La comtesse Olenska baissait la tête : Archer attendit, espérant un éclair d’indignation, tout au moins une brève parole de dénégation… Rien ne vint. Une petite pendule de voyage ronronnait ; une bûche se brisa, faisant jaillir une gerbe d’étincelles ; toute la chambre, calme et immobile, semblait attendre en silence avec Archer.

— Oui, murmura-t-elle enfin, c’est ce que ma famille me dit.

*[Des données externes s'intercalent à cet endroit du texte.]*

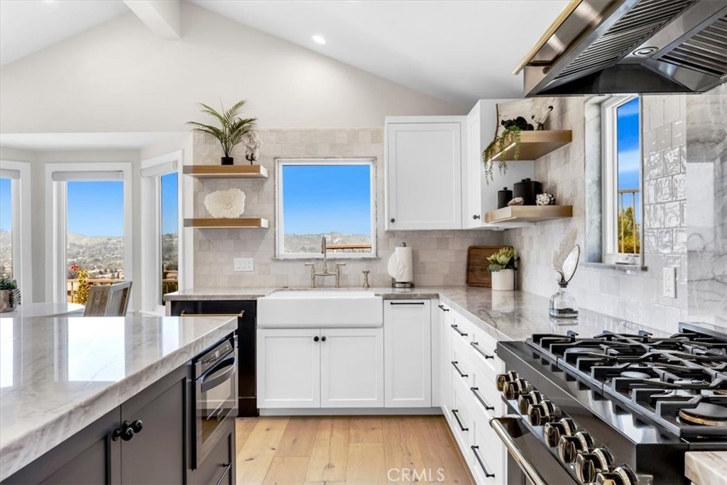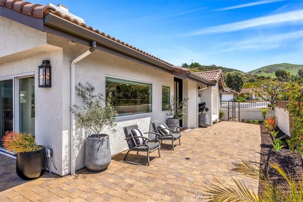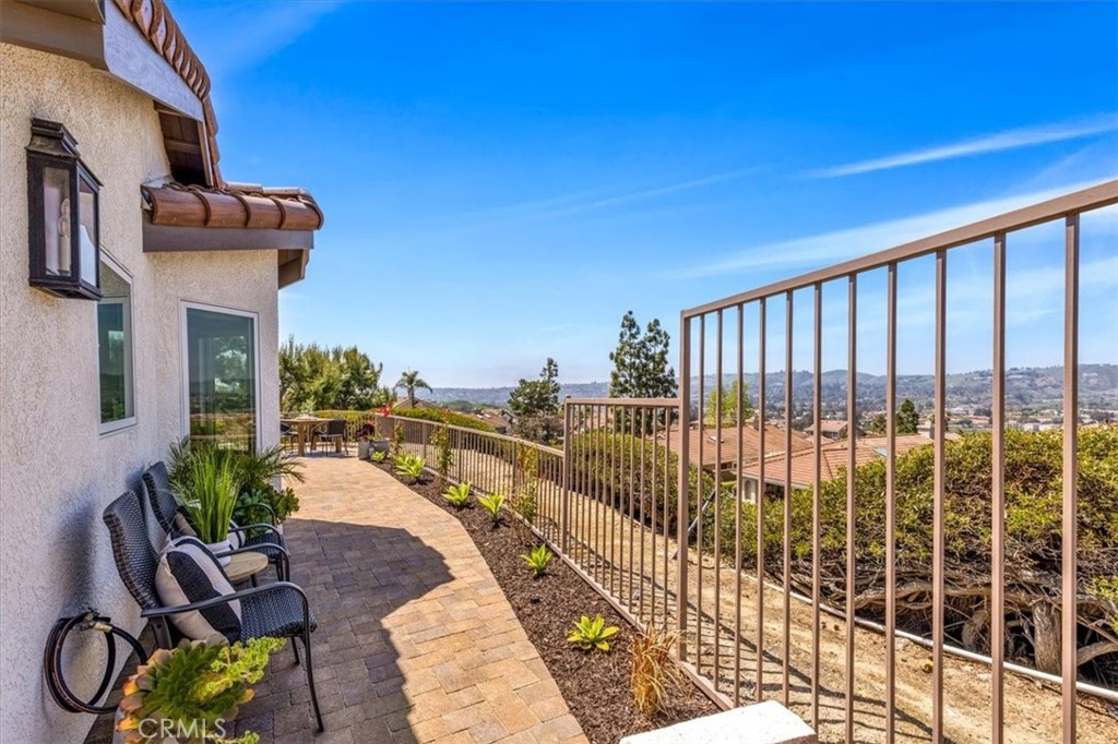 EXTRAORDINARY SINGLE LEVEL DETACHED DREAM HOME! Hear the Mission Bells Ring and Feel the Cool Coastal Breezes from this stunning home. Perched on a prime corner lot in the scenic hills of historic San Juan Capistrano, offering unobstructed panoramic views of rolling hills, city lights, mountains, and the iconic Mission San Juan Capistrano. Thoughtfully remodeled from top to bottom, this 3-bedroom, 2-bathroom residence blends sophisticated design with everyday comfort. Step inside to discover vaulted ceilings, skylights, and an open layout bathed in natural light. The redesigned chef’s kitchen features quartzite countertops, artisan tile backsplash, custom cabinetry, and top-of-the-line ZLINE appliances in fingerprint-resistant black stainless steel with polished gold accents. Enjoy coffee in the breakfast nook or dine at the expansive center island—all while soaking in tranquil hillside views. The spacious living room, anchored by a stacked stone fireplace, flows effortlessly to the wrap-around patio for true indoor-outdoor living. The primary suite is a serene retreat with sliding patio access, vaulted ceiling, a spa-inspired bath with step-in shower, soaking tub, quartz vanity, and a large walk-in closet with dual chandeliers. Currently configured as a den, Bedroom 2 adds flexibility for an office, media room, or formal dining, complete with a sliding barn door and charming window seat. Bedroom 3 is privately situated at the rear of the home near the second bathroom, which features a beautifully tiled step-in shower. The finished 2-car garage with epoxy floor includes direct access, attic storage with pull-down stairs, and a new WiFi-enabled garage door with built-in camera. Outside, the gated wrap-around patio is low-maintenance and water-wise, with multiple spaces to enjoy the sweeping day-to-night views. Additional highlights include smooth-finish walls, white oak hardwood floors, new Marvin windows & doors, remote-control shades (living + primary) skylights w/remote openers, new A/C, furnace, tankless water heater, updated electrical, insulation, repiped, Smart thermostat, new roof & patio pavers, new exterior lights & TWO added attic spaces w/pull down ladders! Loma Vista offers a pool/spa/park area and optional RV parking. All this and easy freeway access, minutes away from award-winning schools, shopping, hiking trails, world-class beaches, fine dining, equestrian facilities, golf courses, and the charming downtown area. WELCOME HOME!

— Il tressaillit légèrement. — « Notre » famille, corrigea-t-elle, et Archer rougit. — Car vous serez bientôt mon cousin.

— Je l’espère.

— Et vous partagez leur point de vue ?

Archer se leva, marcha dans la chambre, fixa un regard vague sur les tableaux accrochés sur le vieux damas rouge, et revint près d’elle d’un pas indécis. Comment pouvait-il dire : « Oui… Si ce que votre mari avance est vrai ou si vous n’avez pas un moyen de le réfuter. »

— Vous le partagez ? insista-t-elle, comme il hésitait encore.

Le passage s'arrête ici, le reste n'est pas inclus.